Probabilistic Shielding MiniPacman

This tutorial adapts masa/examples/prob_shield_example.py into a guided inspection of probabilistic shielding. Instead of running a long PPO training job, it builds the shielded MiniPacman environment and inspects what the wrapper adds.

Runnable notebook: notebooks/tutorials/09_probabilistic_shielding_minipacman.ipynb

Build MiniPacman with PCTL

MiniPacman is a discrete tabular environment with an exposed transition model. That makes it suitable for ProbShieldWrapperDisc, which needs known safety dynamics.

from masa.common.utils import make_env
from masa.envs.tabular.mini_pacman import cost_fn, label_fn

env = make_env(
    "mini_pacman",
    "pctl",
    100,
    label_fn=label_fn,
    cost_fn=cost_fn,
    alpha=0.01,
)

The pctl constraint uses cost_fn to mark ghost collisions as unsafe and tracks whether the episode satisfies the probabilistic safety threshold.

Add the Shield

The script example wraps that environment with ProbShieldWrapperDisc:

from masa.prob_shield.prob_shield_wrapper_v1 import ProbShieldWrapperDisc

shielded_env = ProbShieldWrapperDisc(
    env,
    init_safety_bound=0.01,
    theta=1e-12,
    max_vi_steps=2_000,
    granularity=10,
)

During construction, the wrapper:

  • builds successor_states_matrix and probabilities,

  • computes interval safety bounds in safety_lb,

  • records max_successors,

  • replaces the observation space with a dictionary containing orig_obs and safety_bound,

  • replaces the action space with a MultiDiscrete augmented action format.

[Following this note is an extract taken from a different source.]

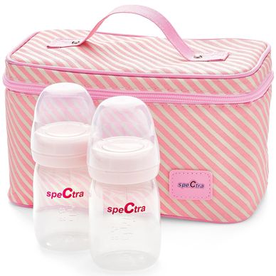 The Spectra Pink Cooler Kit contains a reusable Freezer Pack and an insulated lining to allow breast milk to be kept cold for extended periods of time. The cooler is equipped with a zipper closure and carrying handle. Each Spectra Wide Neck Bottle included in the Spectra Pink Cooler Kit is BPA-free and can store expressed breast milk for up to 1 day inside of the Pink Cooler with Freezer Pack. Contents include 1 Pink Cooler, 1 Freezer Pack, and 2 Spectra Wide Neck Storage Bottles with a cap, disc, and lid for each bottle.

Inspect the Augmented Interface

After reset, the observation has two important pieces:

obs, info = shielded_env.reset(seed=0)

obs["orig_obs"]       # original MiniPacman discrete state
obs["safety_bound"]  # remaining safety budget

The augmented action format is:

[primary_action, fallback_action, beta_0, beta_1, ..., beta_K]

The first two entries select candidate MiniPacman actions. The remaining entries encode candidate successor safety-bound choices from 0 to granularity.

Projection Geometry on a Toy MDP

The projection step follows the geometry described in the probabilistic shielding paper: action choices live in a probability simplex, and the safety budget cuts out the unsafe part of that simplex. The tiny MDP below uses exact reach-unsafe values so the clipping operation is visible before we inspect the larger MiniPacman state.

Toy MDP and simplex projection for probabilistic shielding.

For budget q=0.10, _project_act keeps action distributions inside the green safe half-space 0.02*pi0 + 0.08*pi1 + 0.20*pi2 <= 0.10. The red part of the simplex is the clipped-away region above that budget.

Inspect Projected Safe Actions

The notebook uses _parse_act and _project_act to show how candidate augmented actions are projected. These are internal inspection hooks, not a stable public API.

The projection returns:

  • safe_actions: a probability distribution over original MiniPacman actions,

  • bounds: projected successor safety bounds,

  • proj_penalty: how much the proposed bounds were changed,

  • margin_penalty: a diagnostic margin term.

That inspection is the heart of the tutorial: it shows how the same MiniPacman action is filtered through the safety budget before the wrapped environment is stepped.

Step Once

When the shielded environment steps:

  1. the wrapper parses the augmented action,

  2. projects it to a safe distribution over original actions,

  3. samples an original MiniPacman action,

  4. steps the PCTL-constrained environment,

  5. updates the next observation’s safety_bound.

The returned info still contains MASA constraint data:

info["constraint"]
info["margin_penalty"]
info["proj_penalty"]

Where Training Fits

The original example trains PPO on the shielded environment. This tutorial intentionally stops before training so it stays fast and readable. A full training run would pass one shielded env to PPO for training and a separate shielded env for evaluation.